#### [REQUIRED WORK]
Repeat exactly, and only, the lines below starting at the line that contains "A Escrivaninha Industrial" and ending at the line that contains "Caster Rapier –", inclusive of both.

#### [PROVIDED DATA]
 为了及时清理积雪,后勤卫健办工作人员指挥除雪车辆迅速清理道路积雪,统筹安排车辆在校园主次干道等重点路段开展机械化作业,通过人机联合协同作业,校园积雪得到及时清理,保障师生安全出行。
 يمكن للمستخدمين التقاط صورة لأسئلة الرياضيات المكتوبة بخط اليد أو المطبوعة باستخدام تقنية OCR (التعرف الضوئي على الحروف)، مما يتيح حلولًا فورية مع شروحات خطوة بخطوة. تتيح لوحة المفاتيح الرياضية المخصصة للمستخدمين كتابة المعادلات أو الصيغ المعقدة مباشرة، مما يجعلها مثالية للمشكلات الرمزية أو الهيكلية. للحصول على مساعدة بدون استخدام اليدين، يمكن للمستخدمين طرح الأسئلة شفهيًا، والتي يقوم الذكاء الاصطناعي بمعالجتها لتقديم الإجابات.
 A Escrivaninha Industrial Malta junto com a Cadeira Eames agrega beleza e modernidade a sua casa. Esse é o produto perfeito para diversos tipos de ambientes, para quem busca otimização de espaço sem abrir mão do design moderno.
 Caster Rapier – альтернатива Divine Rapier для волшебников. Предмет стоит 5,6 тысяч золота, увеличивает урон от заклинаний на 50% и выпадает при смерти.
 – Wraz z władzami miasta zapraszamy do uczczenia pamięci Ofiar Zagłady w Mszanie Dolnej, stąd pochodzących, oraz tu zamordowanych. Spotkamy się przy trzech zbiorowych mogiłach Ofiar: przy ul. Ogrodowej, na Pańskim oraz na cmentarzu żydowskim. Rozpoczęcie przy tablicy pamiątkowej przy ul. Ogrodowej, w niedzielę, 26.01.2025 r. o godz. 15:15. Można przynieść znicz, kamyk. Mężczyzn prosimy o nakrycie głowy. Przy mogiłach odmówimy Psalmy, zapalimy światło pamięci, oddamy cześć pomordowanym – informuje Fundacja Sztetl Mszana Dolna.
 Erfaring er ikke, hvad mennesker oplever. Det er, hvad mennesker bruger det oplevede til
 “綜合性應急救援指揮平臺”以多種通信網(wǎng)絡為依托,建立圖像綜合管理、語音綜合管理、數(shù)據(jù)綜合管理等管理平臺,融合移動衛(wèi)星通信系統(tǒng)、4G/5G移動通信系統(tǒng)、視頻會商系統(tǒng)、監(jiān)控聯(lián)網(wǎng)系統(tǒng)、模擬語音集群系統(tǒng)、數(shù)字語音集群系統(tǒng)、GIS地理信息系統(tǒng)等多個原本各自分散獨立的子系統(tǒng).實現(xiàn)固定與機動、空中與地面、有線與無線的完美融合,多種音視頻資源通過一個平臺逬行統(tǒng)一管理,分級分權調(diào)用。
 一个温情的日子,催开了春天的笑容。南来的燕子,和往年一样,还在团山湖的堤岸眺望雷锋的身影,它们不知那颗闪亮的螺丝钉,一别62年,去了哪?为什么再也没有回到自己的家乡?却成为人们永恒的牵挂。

* * *

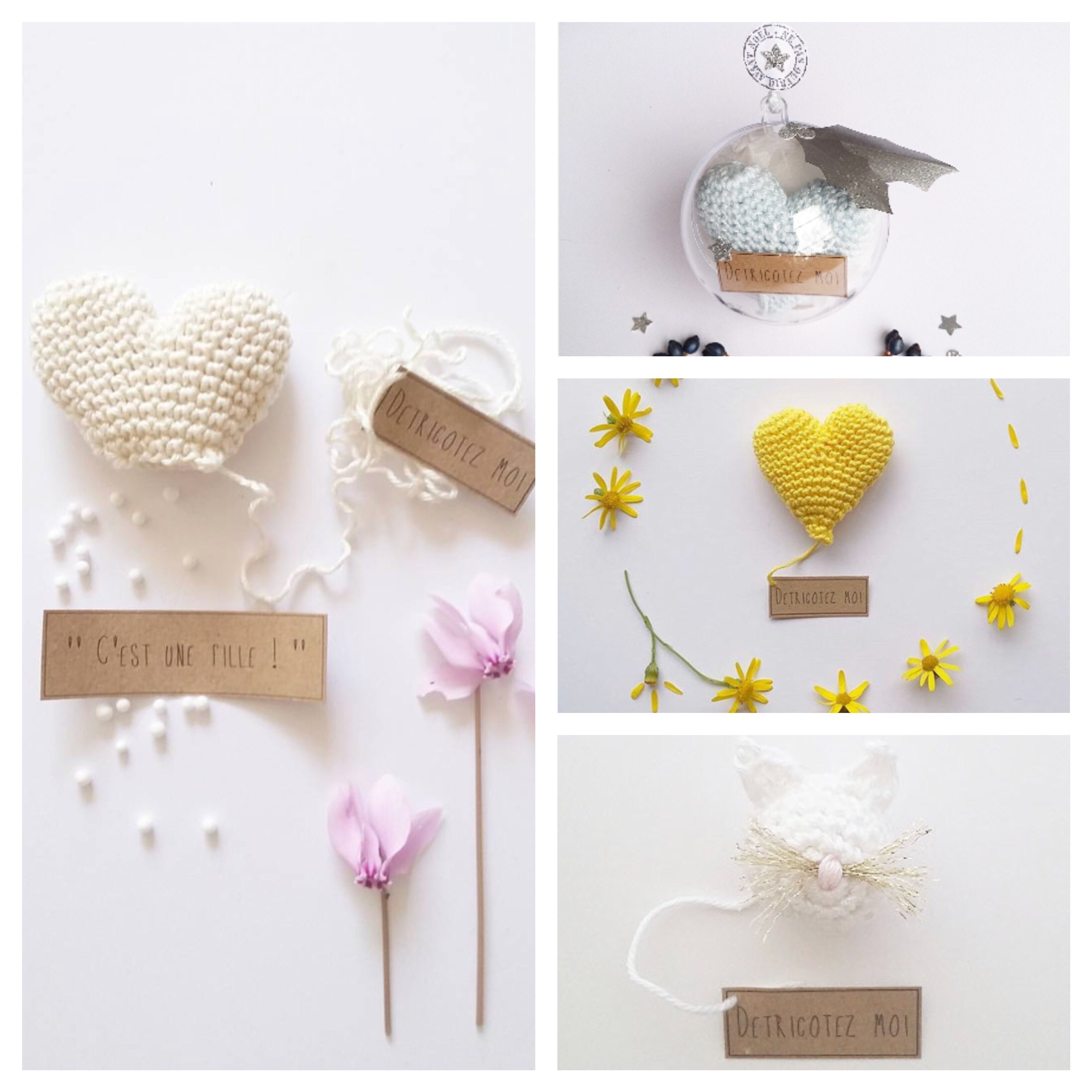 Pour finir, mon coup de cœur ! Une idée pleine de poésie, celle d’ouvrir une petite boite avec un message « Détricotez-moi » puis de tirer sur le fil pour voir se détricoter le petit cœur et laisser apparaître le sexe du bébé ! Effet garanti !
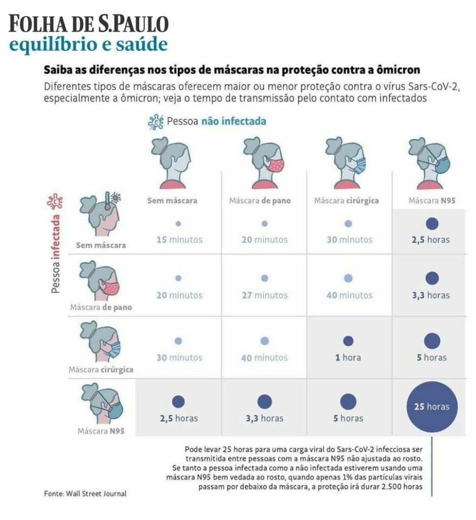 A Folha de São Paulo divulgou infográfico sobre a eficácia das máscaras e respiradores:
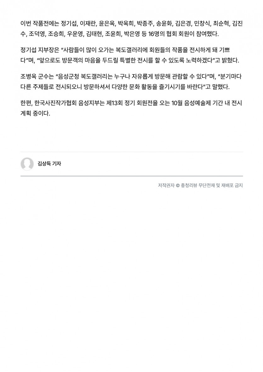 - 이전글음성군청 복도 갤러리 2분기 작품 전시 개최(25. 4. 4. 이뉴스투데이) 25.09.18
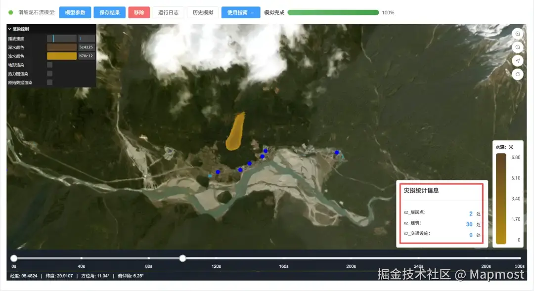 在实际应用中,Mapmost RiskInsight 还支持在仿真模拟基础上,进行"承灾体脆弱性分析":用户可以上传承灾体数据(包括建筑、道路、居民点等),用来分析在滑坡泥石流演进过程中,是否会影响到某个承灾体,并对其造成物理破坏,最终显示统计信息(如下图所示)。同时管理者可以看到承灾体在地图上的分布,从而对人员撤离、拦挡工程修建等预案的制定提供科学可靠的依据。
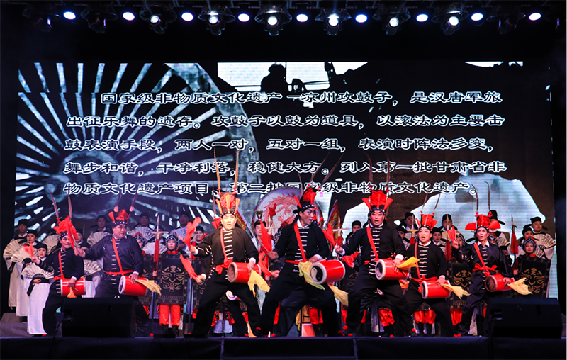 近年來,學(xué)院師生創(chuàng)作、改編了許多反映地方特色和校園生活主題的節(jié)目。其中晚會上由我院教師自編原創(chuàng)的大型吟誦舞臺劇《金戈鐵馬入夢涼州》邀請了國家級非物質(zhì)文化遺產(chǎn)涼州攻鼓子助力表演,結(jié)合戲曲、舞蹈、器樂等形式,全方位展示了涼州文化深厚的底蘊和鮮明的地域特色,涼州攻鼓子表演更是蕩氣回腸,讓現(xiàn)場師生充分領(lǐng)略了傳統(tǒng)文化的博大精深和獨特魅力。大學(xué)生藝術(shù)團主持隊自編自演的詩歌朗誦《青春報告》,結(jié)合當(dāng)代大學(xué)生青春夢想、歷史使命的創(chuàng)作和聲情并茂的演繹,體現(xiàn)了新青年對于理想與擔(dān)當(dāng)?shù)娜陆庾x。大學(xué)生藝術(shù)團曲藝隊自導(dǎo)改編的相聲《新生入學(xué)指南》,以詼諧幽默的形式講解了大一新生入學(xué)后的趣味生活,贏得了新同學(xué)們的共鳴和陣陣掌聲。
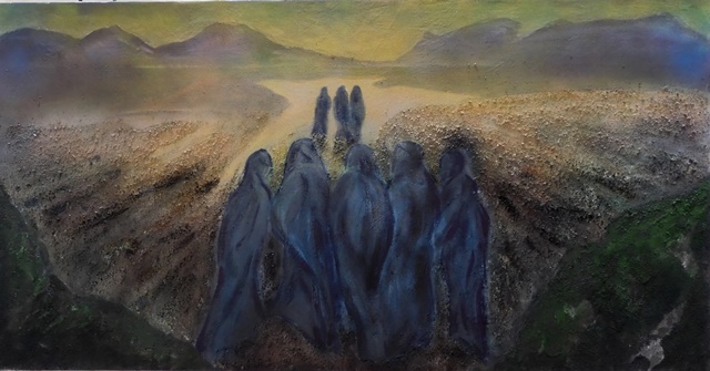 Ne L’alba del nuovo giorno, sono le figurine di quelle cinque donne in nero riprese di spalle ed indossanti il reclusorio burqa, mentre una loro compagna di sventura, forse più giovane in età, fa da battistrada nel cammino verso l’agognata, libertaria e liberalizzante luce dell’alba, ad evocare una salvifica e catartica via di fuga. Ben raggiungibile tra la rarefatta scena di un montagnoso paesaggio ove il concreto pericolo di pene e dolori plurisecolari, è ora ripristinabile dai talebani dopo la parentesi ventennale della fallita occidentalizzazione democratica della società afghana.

#### [PROBLEM SOLUTION]
 A Escrivaninha Industrial Malta junto com a Cadeira Eames agrega beleza e modernidade a sua casa. Esse é o produto perfeito para diversos tipos de ambientes, para quem busca otimização de espaço sem abrir mão do design moderno.
 Caster Rapier – альтернатива Divine Rapier для волшебников. Предмет стоит 5,6 тысяч золота, увеличивает урон от заклинаний на 50% и выпадает при смерти.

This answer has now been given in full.